Work to complete —
Locate "Carga O Jackery" in the data below, then output the line it is on and all following lines through the last, word for word. Skip any pictures.

Supplied data —

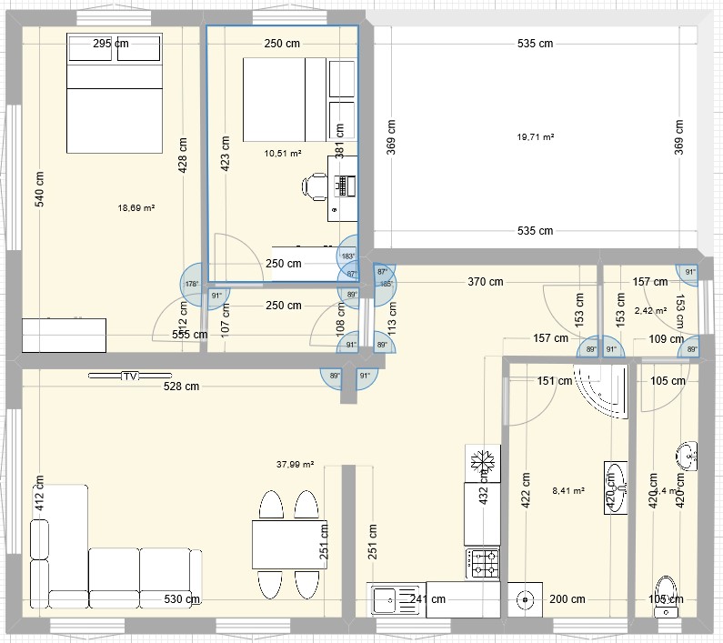 Razporeditev prostorov je funkcionalna. Iz hodnika je dostop do ločenega WC-ja, kopalnice, kuhinje, dnevnega prostora z jedilnico ter velike sobe, ki jo je po dogovoru mogoče predelati v dve manjši. S tem bi stanovanje postalo 3-sobno. Ureditev v dve sobi se lahko izvede pred prodajo. Stanovanju pripada še klet v izmeri 8,5 m².
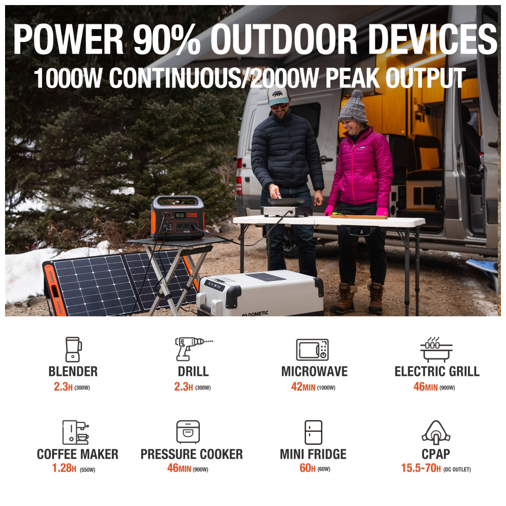 Carga O Jackery Explorer 880 pode carregar 8 dispositivos diferentes simultaneamente, como mini geladeira, telefone, drone, laptop, iPad, liquidificador, câmera e Kindle.
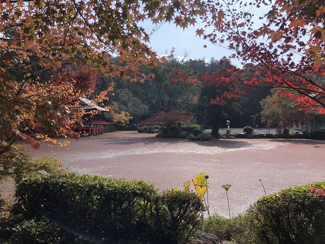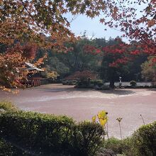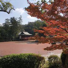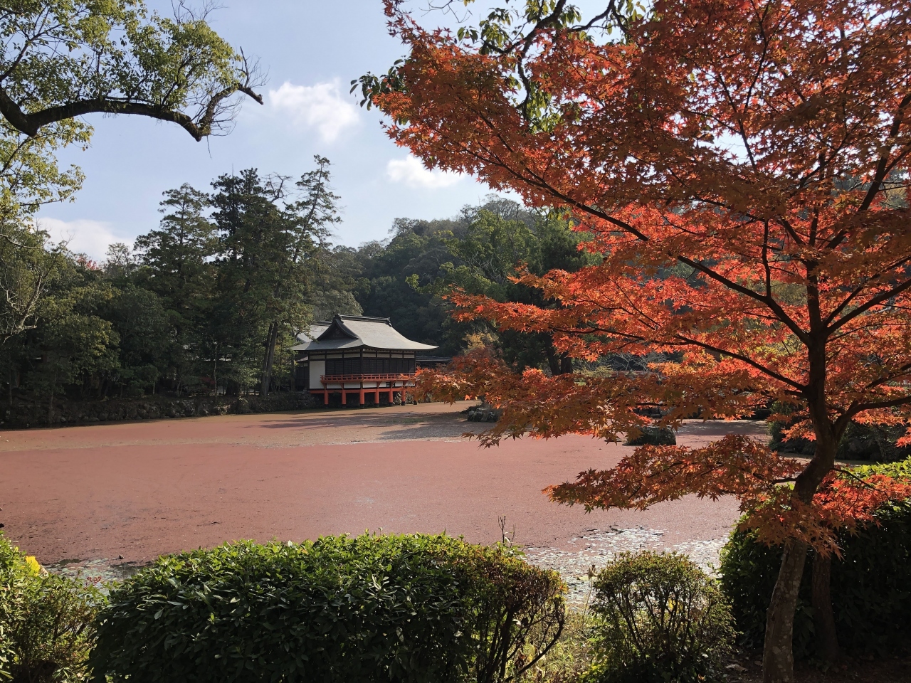 今回は11月下旬に訪問しましたがちょうど紅葉の季節で、菱形池の周囲には赤く色づいた葉をつけている木もところどころにありました。手水舎の近くなどは写真を撮る人などでにぎわっていましたが、境内は広々としているのであまり人混みを気にせずに散策できました。

Expected output —
 Carga O Jackery Explorer 880 pode carregar 8 dispositivos diferentes simultaneamente, como mini geladeira, telefone, drone, laptop, iPad, liquidificador, câmera e Kindle.
 今回は11月下旬に訪問しましたがちょうど紅葉の季節で、菱形池の周囲には赤く色づいた葉をつけている木もところどころにありました。手水舎の近くなどは写真を撮る人などでにぎわっていましたが、境内は広々としているのであまり人混みを気にせずに散策できました。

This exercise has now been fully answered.